# Tutorial #2: How to query data from BigQuery in a Notebook

**Welcome to part II of our tutorials designed for participants in the IronHacks. In this second notebook (part II), we will show you how you can access our training data stored in BigQuery using a key stored in your user profile.**

**Before you get started**: This tutorial will not take more than 10 minutes and you should have the basic skill sets to work with the datasets thereafter. 

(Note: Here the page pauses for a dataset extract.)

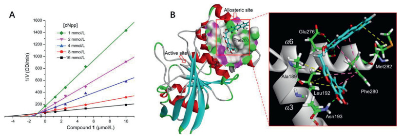 | Fig. 4. (A) Dixon plot for PTP1B showing 1/V versus varying concentrations of 1 at pNpp concentrations of 1, 2, 4, 8, and 16 mmol/L. (B) 3D molecular docking model of compound 1 in the allosteric site of PTP1B (PDB code: 1T49). The key hydrogenbonds with Asn193 and Glu276, π-π stacks with Phe280, and π-alkyl interactions with Leu192, Ala189, and Met282 are shown with green, pink, and yellow dashed lines, respectively. | |

**Our goal**: Help you get started with the Python BigQuery Library, Python Pandas Library and Python Numpy Library in order to access a first temporal dataset stored in BigQuery! So if you have never used these libraries before this tutorial is critical for you.

# BigQuery - What's that?

BigQuery is Google's flagship data warehousing system: "Serverless, highly scalable, and cost-effective multi-cloud data warehouse designed for business agility". It allows you to analyze large amount of data using ANSI SQL at blazing-fast speeds, with zero operational overhead. You can find out more it at https://cloud.google.com/bigquery

**Why do we use BigQuery?** In the Unemployment Data Science Challenges you will use BIG DATA from our data provider, the Department of Workforce Development (DWD). Using Big Query will be very helpful as you can explore data without having to use them in memory etc. It will also set you up for the future of data science since BigQuery is replacing other BIG DATA services (e.g. Spark).

**How do we give you access to BigQuery?** In Big Query data are stored in projects. Inside a project there are multiple datasets. Each dataset can contain multiple tables. In this hack we give you access to a project called: `ironhacks-data`. In this project there are two datasets:`ironhacks-data:ironhacks_training` and `ironhacks-data:ironhacks_competition`. During the training period you will only find data in the first dataset. In this first tutorial we only use one first relatively simply structured table stored in this dataset. It is called `covid19_cases`

**Keep in mind**: In this tutorial you will learn how to get access to the ironhacks-covid19-data and the datset ironhacks-covid19-data:ironhacks_covid19_training stored inside this project.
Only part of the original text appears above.